Kick: The Bhai Abides

My name is Bhai.
My name is Bhai.

Surely there must be a universe where Sheldon Cooper and Salman Khan cross paths considering how the two share a  common love for trains. One loves the way they function, whilst the other has done pretty much everything other than giving birth in, on, in front or behind one.

#YOLO.
#YOLO.

Now to the film.

Kick is a film I’d associate with the term, Bhai-ception; The art of handing out a lesson in ripping people off whilst ripping people off.

The film is standard Salman or should I say, Bhai fare. It ticks all the boxes and makes random references to his past films without an inch of shame. Those of you who know what I’m talking about should feel right at home reading the description below:

Bhai’s slow-mo entry(Arre Bhaaaaiii*whistles*)
Bhai-the family man.(Arre Bhaaaiii*What a man Bhai is*)
Heroine sets eyes on Bhai(Arre Bhaaaiii* Wolf Whistle*)
Heroine sets eyes on Bhai(Arre Bhaaaiii* Wolf Whistle*)
BhaiLove
Heroine falling in love with Bhai after being insulted multiple times(Arre Bhaaaiii*Wolf Whistle again*)

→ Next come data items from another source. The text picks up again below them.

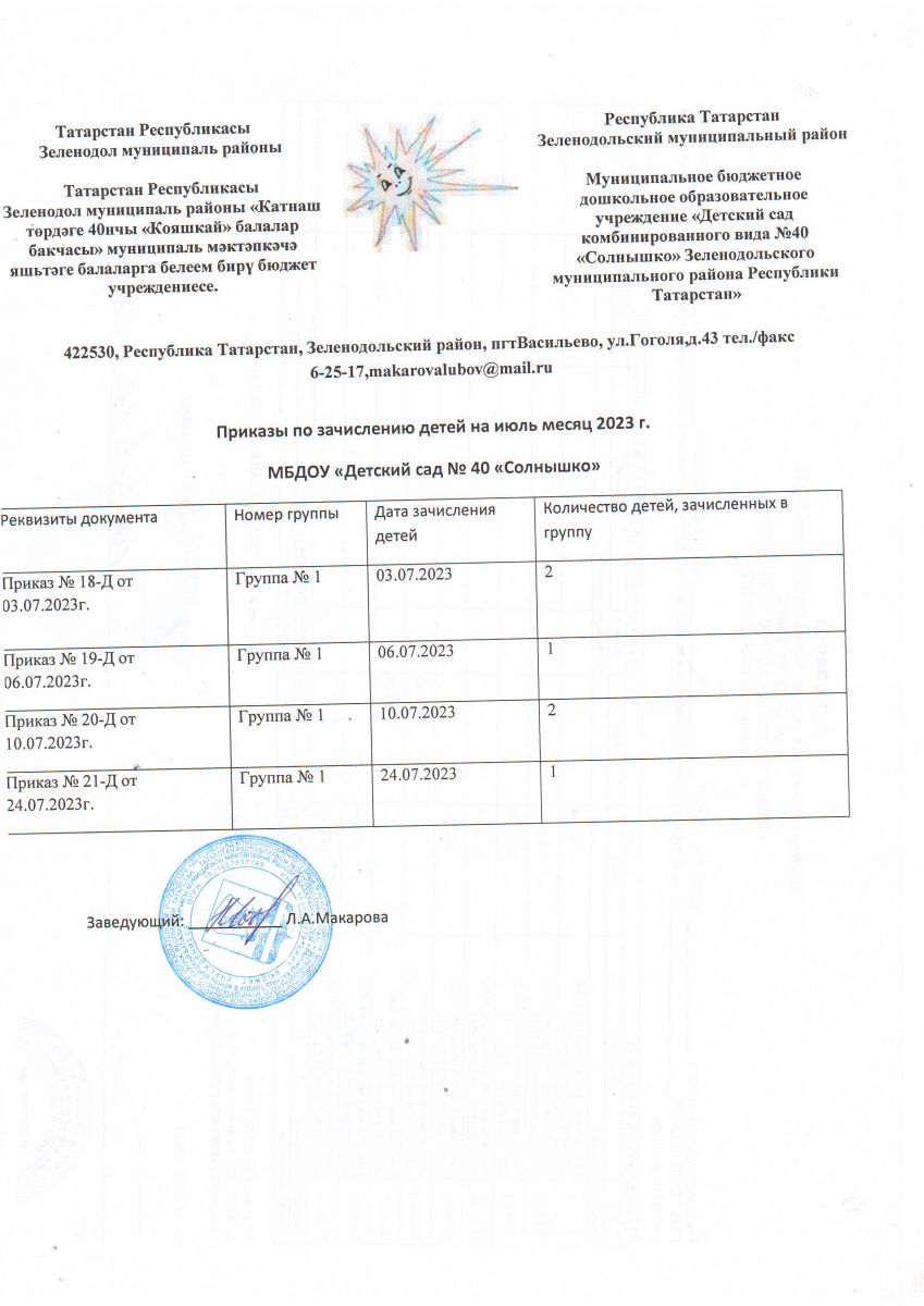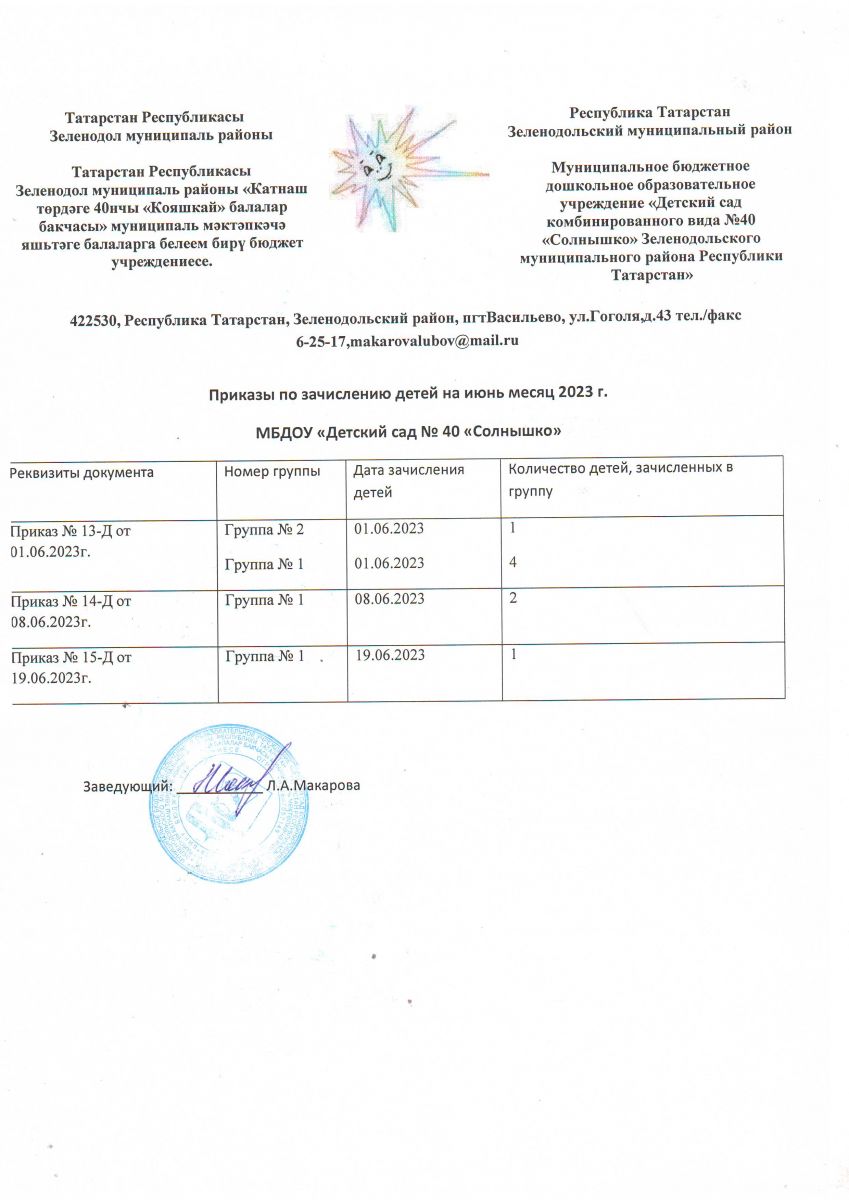 Приказ "О комплектовании на 2023-2024 учебный год"
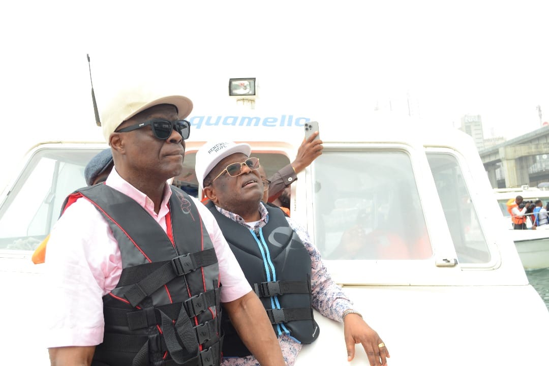 The two ministers were accompanied by the General Manager of LASWA, Oluwadamilola Emmanuel and the trio were conveyed on the Lagos Inland waterways on a collaborative inspection tour of the Carter Bridge, Iddo-Marina Shoreline and the Third Mainland Bridge.
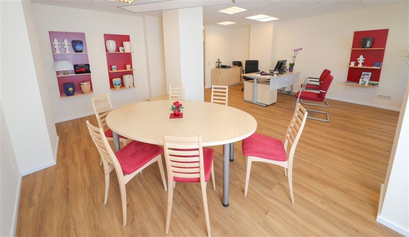 In unserem modern gestalteten Bestattungshaus in Uetersen bieten wir Ihnen einen hellen, barrierearmen Abschiedsraum für bis zu 30 Personen. Unter einem sanft leuchtenden Sternenhimmel und in warmer Atmosphäre können Sie hier ungestört und individuell Abschied nehmen. Ausreichend Parkplätze und klimatisierte Räumlichkeiten sorgen dafür, dass Sie sich voll und ganz auf Ihre Gefühle und Rituale konzentrieren können.
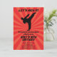 Faisons-le ! Cette invitation amusante présente un arrière - plan étoilé rouge et une silhouette de karaté. Parfait pour la fête d'anniversaire de karaté de votre enfant.
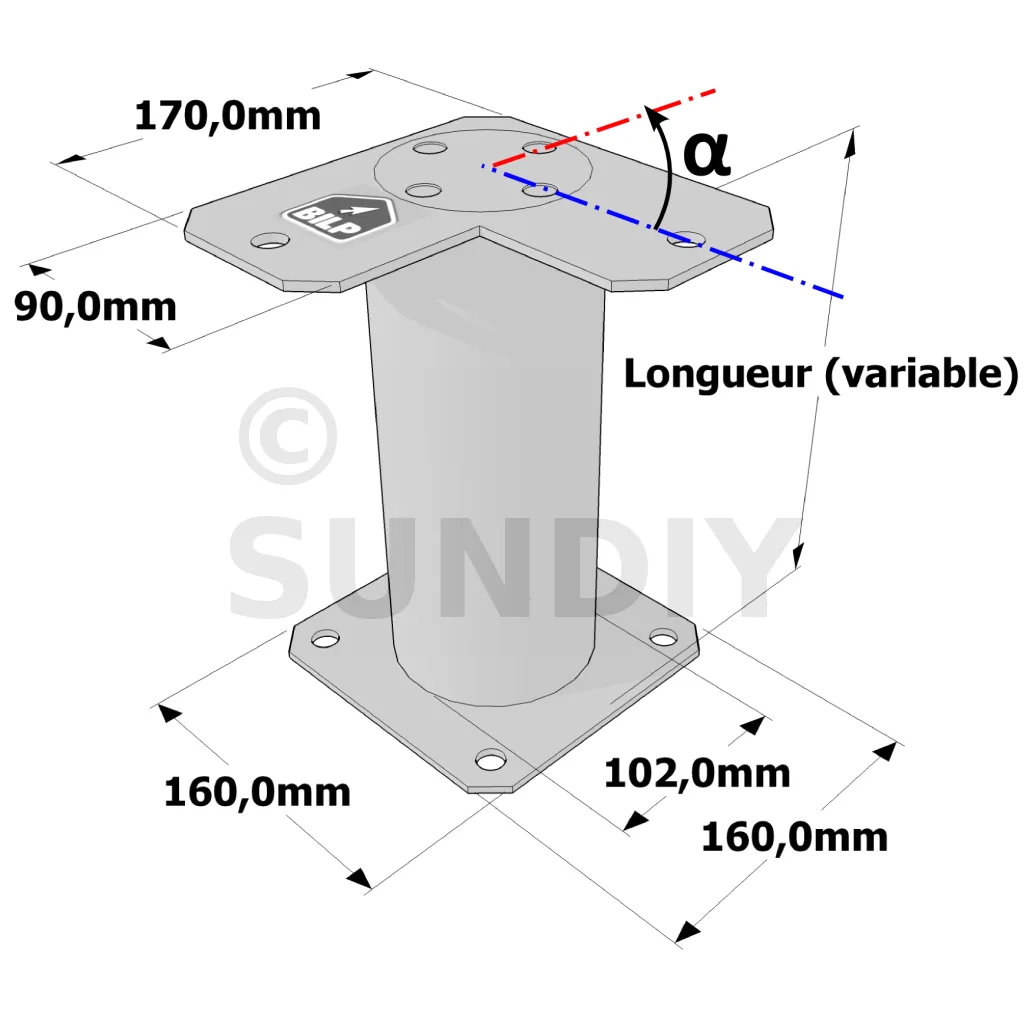 Poteau structurel OSP - D102mm - Platine haute en angle 90x170mm - Embase 160x160mm
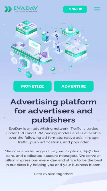 join evadav, a leading advertising network offering high-quality ads across multiple formats. reach a vast audience with our customizable ad platform. sign up now!
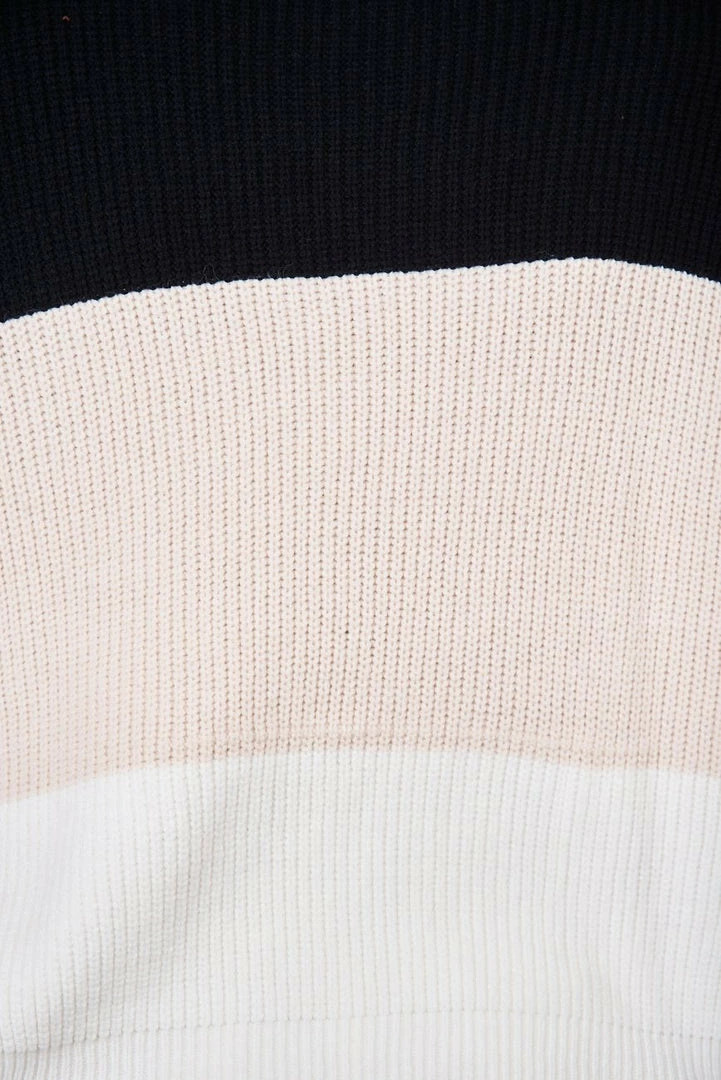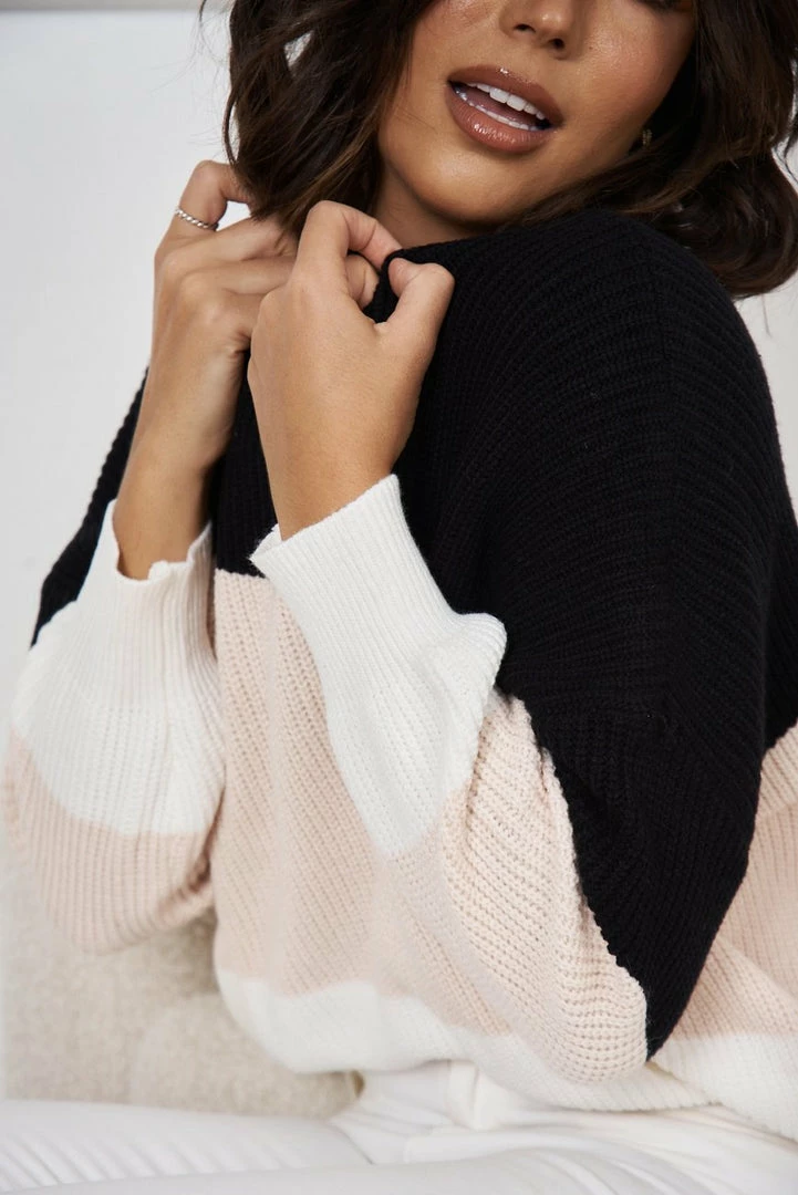 Our Brandy Knit comes in a pink, black and cream tone stripe print. It features a round neckline, long sleeves, and a textured knit pattern all over the garment. This cute knit is perfect for layering during the cold winter months!

Bhai beating up goons(Arre Bhaaaaii *take all my money ,Bhaiiii*)
Bhai beating up goons(Arre Bhaaaaii *take all my money ,Bhaiiii*)

And repeat.

I know some of the pictures aren’t from the same  film, but IT’S THE SAME FORMULA AGAIN AND AGAIN.

For those that have bothered making it here after reading the last bit, I applaud you for your curiosity. You will all die painful deaths from doing something extremely foolish.

Kick stars Bhai, as Devi Lal Singh(I assure you, you won’t forget it anytime soon, considering it’s repeated incessantly and in the same tone as Power Extreme) a man who does the most random of things, just cause he gets a ‘kick’ out of it. He bumps into Shaina(Jacqueline Fernandez) whilst helping a couple elope and after a few Bhai moments, love blossoms. But things go sour and Bhai leaves Shaina, who decides to move to Poland to with her family. There she meets Randeep Hooda, who’s popped into town to catch a high profile thief known only as Devil, a masked man who steals from the rich and gives to the poor. The two open up to each other on a train ride, not once pausing to realize that may in fact be talking about the same guy. The rest is for you to go see.

The first half of the film had all the ingredients of being Bhai’s worst film to have hit the screens in recent times. However, it picks up post-interval, largely due to the introduction of Nawazuddin Siddiqui, as a psychotic nephew of a politician, who clicks his tongue menacingly and kills people with um, bubble wrap.   That, coupled with a wafer thin plot is sufficient enough for you to not walk out of the theater.

As for the acting, everyone apart from Siddiqui are merely props for what can appropriately be termed as The Bhai Show. Bhai turns his head in slow-mo, laughs mischievously, cries, fights off hordes of rogues in a way only he can. It get so ridiculous that halfway through the second half, Jacqueline Fernandez disappears without a trace, so that Bhai can be Bhai. Also be prepared for multiple facepalm moments such as :

“Yeh Kaisa Human Being Hai?

Yeh Human Being nahin, Being Human hai.”

By now it should be clear, that Bhai doesn’t make films anymore.  He knows what sells and he couldn’t give two hoots if any of his recent films made sense. His mentality is simple; Keep it as loud and as over-the-top as possible, and the audiences will lap it up without a moment’s hesitation.

However things are changing. Age is catching up with Salman and he’s finally showing it. He’s not going to be able to do this forever and he needs to reinvent himself sometime in the near future to remain relevant. His films are perilously close to leaving the audiences saturated, if they aren’t already. But then again it is Bhai we’re talking about. As he puts it towards the end of the film, “Don’t try and understand me using your head, but do so with your heart.”

Wait, what?

P.S: Readers do note: Only Salman ages. Bhai is immortal.